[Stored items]
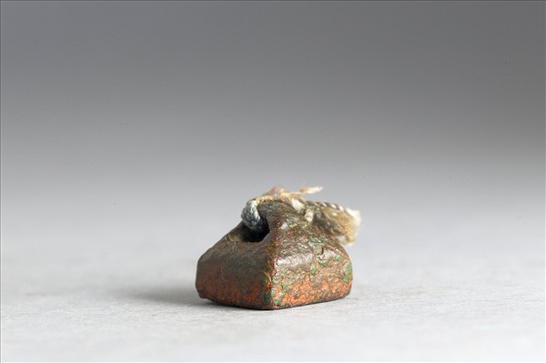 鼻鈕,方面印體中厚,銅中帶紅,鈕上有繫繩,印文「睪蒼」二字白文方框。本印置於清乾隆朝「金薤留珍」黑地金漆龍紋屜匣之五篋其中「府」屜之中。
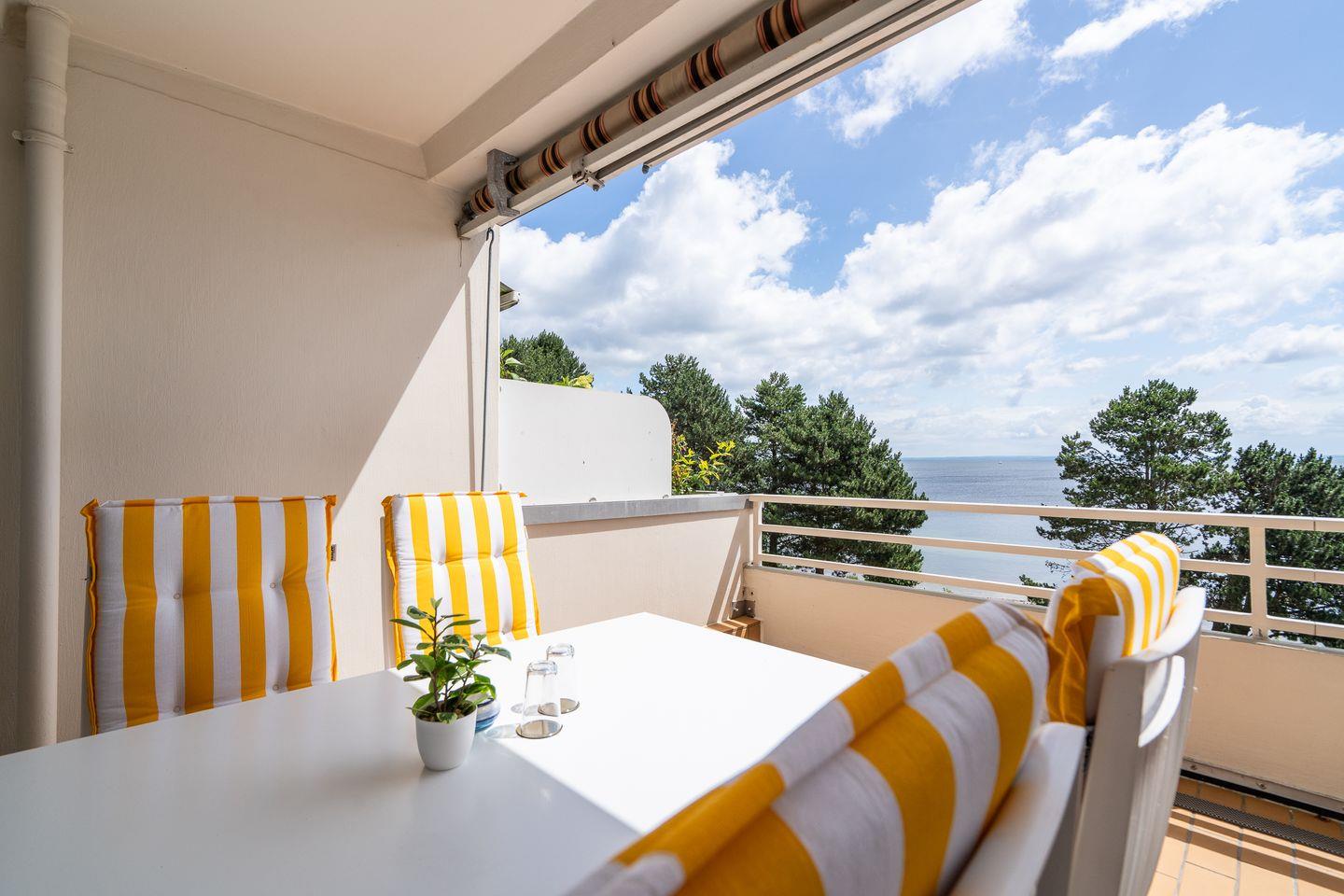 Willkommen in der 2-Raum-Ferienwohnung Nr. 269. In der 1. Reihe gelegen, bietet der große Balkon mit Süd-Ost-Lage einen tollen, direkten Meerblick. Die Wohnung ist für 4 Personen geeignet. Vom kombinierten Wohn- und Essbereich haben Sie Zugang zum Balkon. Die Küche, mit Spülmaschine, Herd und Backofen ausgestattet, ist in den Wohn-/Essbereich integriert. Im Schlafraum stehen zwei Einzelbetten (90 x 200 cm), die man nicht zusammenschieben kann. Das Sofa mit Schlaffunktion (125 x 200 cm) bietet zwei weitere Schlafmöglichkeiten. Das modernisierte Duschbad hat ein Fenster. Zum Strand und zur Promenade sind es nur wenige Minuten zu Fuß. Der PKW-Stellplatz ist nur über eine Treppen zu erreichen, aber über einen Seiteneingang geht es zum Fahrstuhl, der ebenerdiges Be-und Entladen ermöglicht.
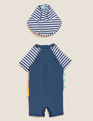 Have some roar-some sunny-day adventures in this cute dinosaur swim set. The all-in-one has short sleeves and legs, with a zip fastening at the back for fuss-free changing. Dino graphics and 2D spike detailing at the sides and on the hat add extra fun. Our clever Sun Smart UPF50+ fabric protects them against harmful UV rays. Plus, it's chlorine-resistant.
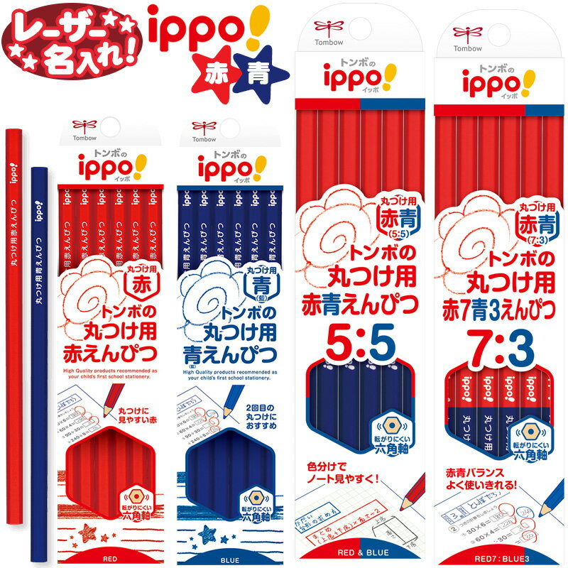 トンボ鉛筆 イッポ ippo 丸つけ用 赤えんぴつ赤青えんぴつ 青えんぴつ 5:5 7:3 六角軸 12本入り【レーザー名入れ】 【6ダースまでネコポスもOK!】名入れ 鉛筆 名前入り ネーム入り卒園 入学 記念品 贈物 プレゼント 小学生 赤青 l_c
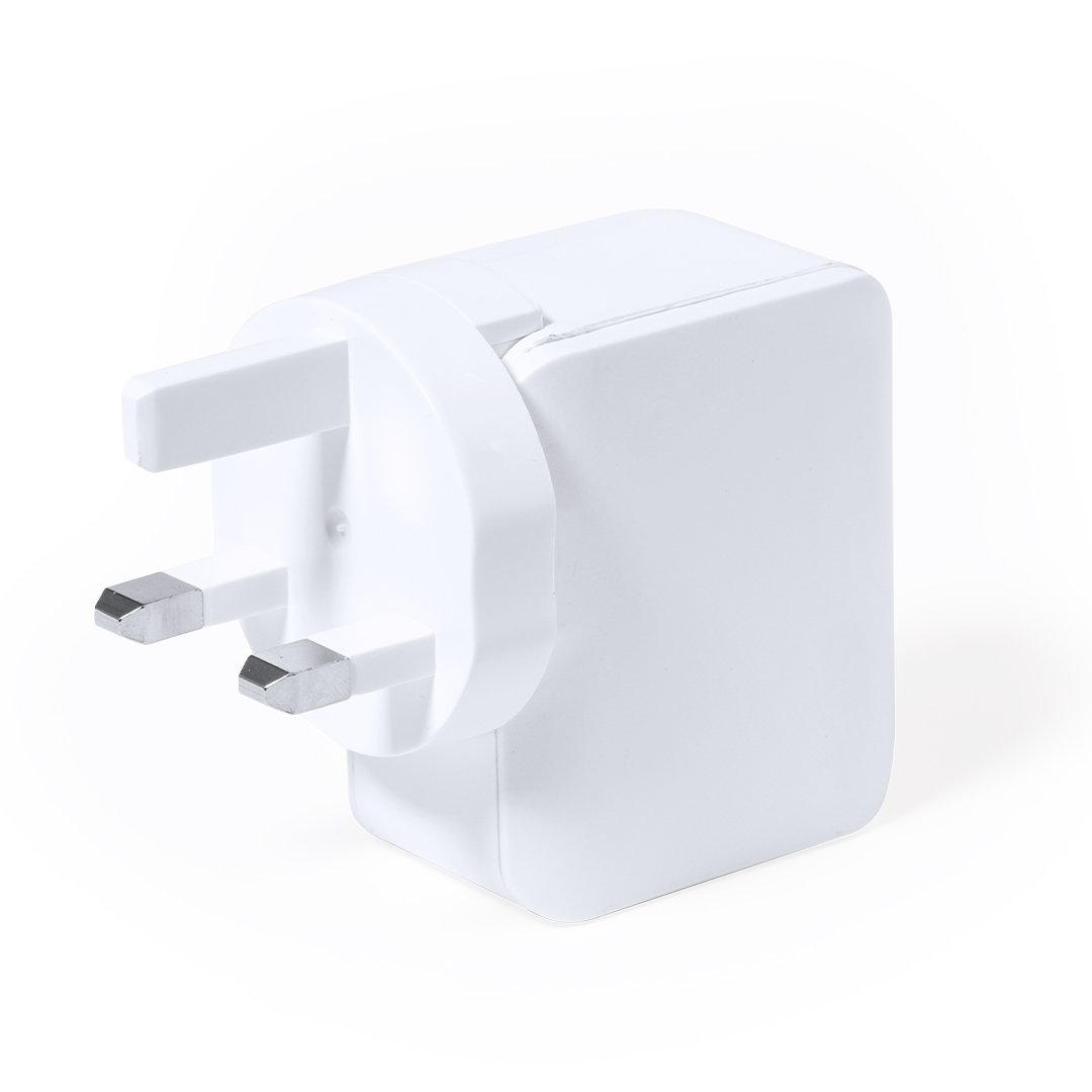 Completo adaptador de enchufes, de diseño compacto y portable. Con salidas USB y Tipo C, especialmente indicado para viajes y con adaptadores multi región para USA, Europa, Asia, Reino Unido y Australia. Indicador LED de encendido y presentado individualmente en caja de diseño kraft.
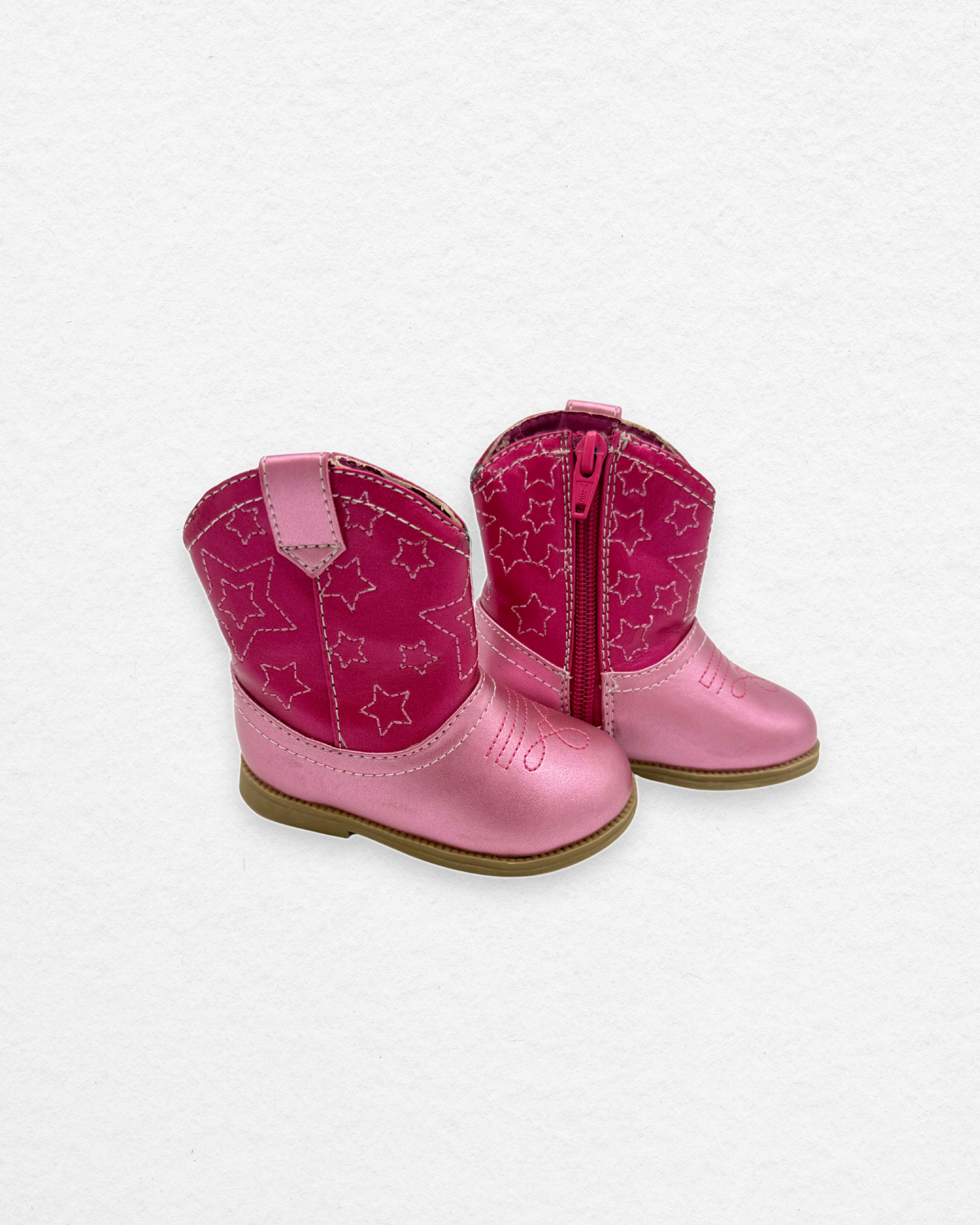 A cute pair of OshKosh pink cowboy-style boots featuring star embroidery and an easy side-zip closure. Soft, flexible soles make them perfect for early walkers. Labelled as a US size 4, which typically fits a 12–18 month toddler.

- **What the task requires**: Without any pictures, retype the records above exactly.

- **Written answer**:
 鼻鈕,方面印體中厚,銅中帶紅,鈕上有繫繩,印文「睪蒼」二字白文方框。本印置於清乾隆朝「金薤留珍」黑地金漆龍紋屜匣之五篋其中「府」屜之中。
 Willkommen in der 2-Raum-Ferienwohnung Nr. 269. In der 1. Reihe gelegen, bietet der große Balkon mit Süd-Ost-Lage einen tollen, direkten Meerblick. Die Wohnung ist für 4 Personen geeignet. Vom kombinierten Wohn- und Essbereich haben Sie Zugang zum Balkon. Die Küche, mit Spülmaschine, Herd und Backofen ausgestattet, ist in den Wohn-/Essbereich integriert. Im Schlafraum stehen zwei Einzelbetten (90 x 200 cm), die man nicht zusammenschieben kann. Das Sofa mit Schlaffunktion (125 x 200 cm) bietet zwei weitere Schlafmöglichkeiten. Das modernisierte Duschbad hat ein Fenster. Zum Strand und zur Promenade sind es nur wenige Minuten zu Fuß. Der PKW-Stellplatz ist nur über eine Treppen zu erreichen, aber über einen Seiteneingang geht es zum Fahrstuhl, der ebenerdiges Be-und Entladen ermöglicht.
 Have some roar-some sunny-day adventures in this cute dinosaur swim set. The all-in-one has short sleeves and legs, with a zip fastening at the back for fuss-free changing. Dino graphics and 2D spike detailing at the sides and on the hat add extra fun. Our clever Sun Smart UPF50+ fabric protects them against harmful UV rays. Plus, it's chlorine-resistant.
 トンボ鉛筆 イッポ ippo 丸つけ用 赤えんぴつ赤青えんぴつ 青えんぴつ 5:5 7:3 六角軸 12本入り【レーザー名入れ】 【6ダースまでネコポスもOK!】名入れ 鉛筆 名前入り ネーム入り卒園 入学 記念品 贈物 プレゼント 小学生 赤青 l_c
 Completo adaptador de enchufes, de diseño compacto y portable. Con salidas USB y Tipo C, especialmente indicado para viajes y con adaptadores multi región para USA, Europa, Asia, Reino Unido y Australia. Indicador LED de encendido y presentado individualmente en caja de diseño kraft.
 A cute pair of OshKosh pink cowboy-style boots featuring star embroidery and an easy side-zip closure. Soft, flexible soles make them perfect for early walkers. Labelled as a US size 4, which typically fits a 12–18 month toddler.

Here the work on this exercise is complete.